Pope John Paul I will be beatified on 4 September 2022 in a celebration presided over by Pope Francis in the Vatican. In October, Francis signed a decree recognising a miracle attributed to the intercession of John Paul I (Albino Luciani), clearing the way for his beatification.

Bishop Georg Bätzing, president of the German bishops’ conference, welcomed the decision of the Federal Constitutional Court ordering the parliament to immediately establish rules to protect people with disabilities from losing out in triage decisions made during the coronavirus pandemic. The KNA news agency reported Bishop Bätzing saying it was an important signal for the protection of people with disabilities from discrimination. Triage refers to deciding which patients are to be treated first if medical assistance cannot be provided to everyone.

Russia's Orthodox church has deepened a rift in world Orthodoxy by setting up two dioceses in Africa, in retaliation for the recognition of a new independent Orthodox church in Ukraine by the Patriarchate of Alexandria, which holds ecclesiastical jurisdiction over the continent.

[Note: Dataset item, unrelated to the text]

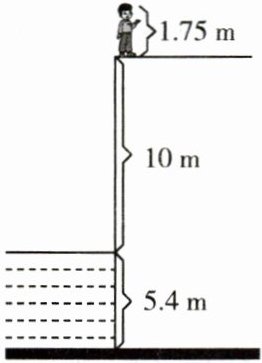 14. (14 分)如图,一名跳水运动员参加 10 m 跳台的跳水比赛(10 m 跳台是指跳台离水面的高度为 10 m),这名运动员的身高为 1.75 m,跳水池水深为 5.4 m(规定向上为正).
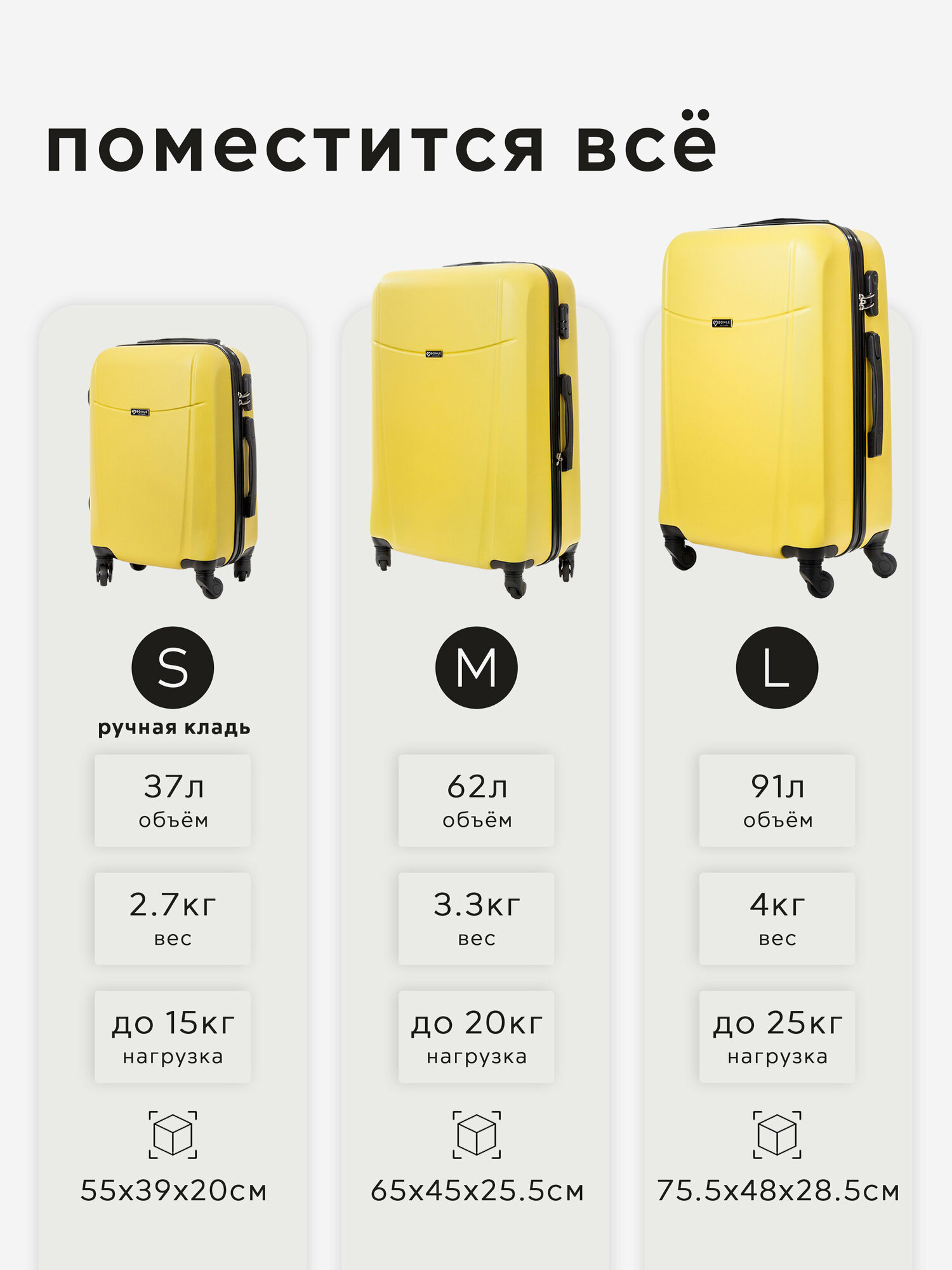 Отзывы на Комплект чемоданов 3шт, Тасмания, Желтый, размер L,M,S 75,5 65, 55 см, 91 л, 65 л, 37 л дорожный большой, маленький ручная кладь и средний

"Due to Patriarch Theodore of Alexandria's lapse into schism, part of the clergy of the Alexandrian Patriarchate, declaring their disagreement, asked Patriarch Kirill to be accepted into the bosom of the Russian Orthodox church", the Moscow-based Holy Synod said in a statement. "It was therefore resolved to accept 102 clerics of the Patriarchate of Alexandria from eight African countries in accordance with the petitions submitted, and to form this Patriarchal Exarchate of Africa". 

The southern part of Bahia State in Brazil is facing one of its worst humanitarian crises in its history, with more than 90,000 people displaced by heavy rains since November. At least 24 people have died and 130 cities are currently in a state of emergency. “I had never seen anything like that in my life,” said Bishop Jailton Lino of Teixeira de Freitas-Caravelas, whose diocese encompasses one of the hardest-hit zones in Bahia.

On the Feast of the Holy Family on 26 December, the Pope published an open letter to married couples as part of the Amoris Laetitia Family Year. Francis focused his letter on the constant presence of Jesus in the day-to-day situations of family life: “Our Christian faith reminds us that we are not alone in the challenges of married life, since Jesus is present.” Married couples “set out to be two in Christ, two in one,” said the Pope. “Your lives become a single life; you become a ‘we’ in loving communion with Jesus, alive and present at every moment of your existence.”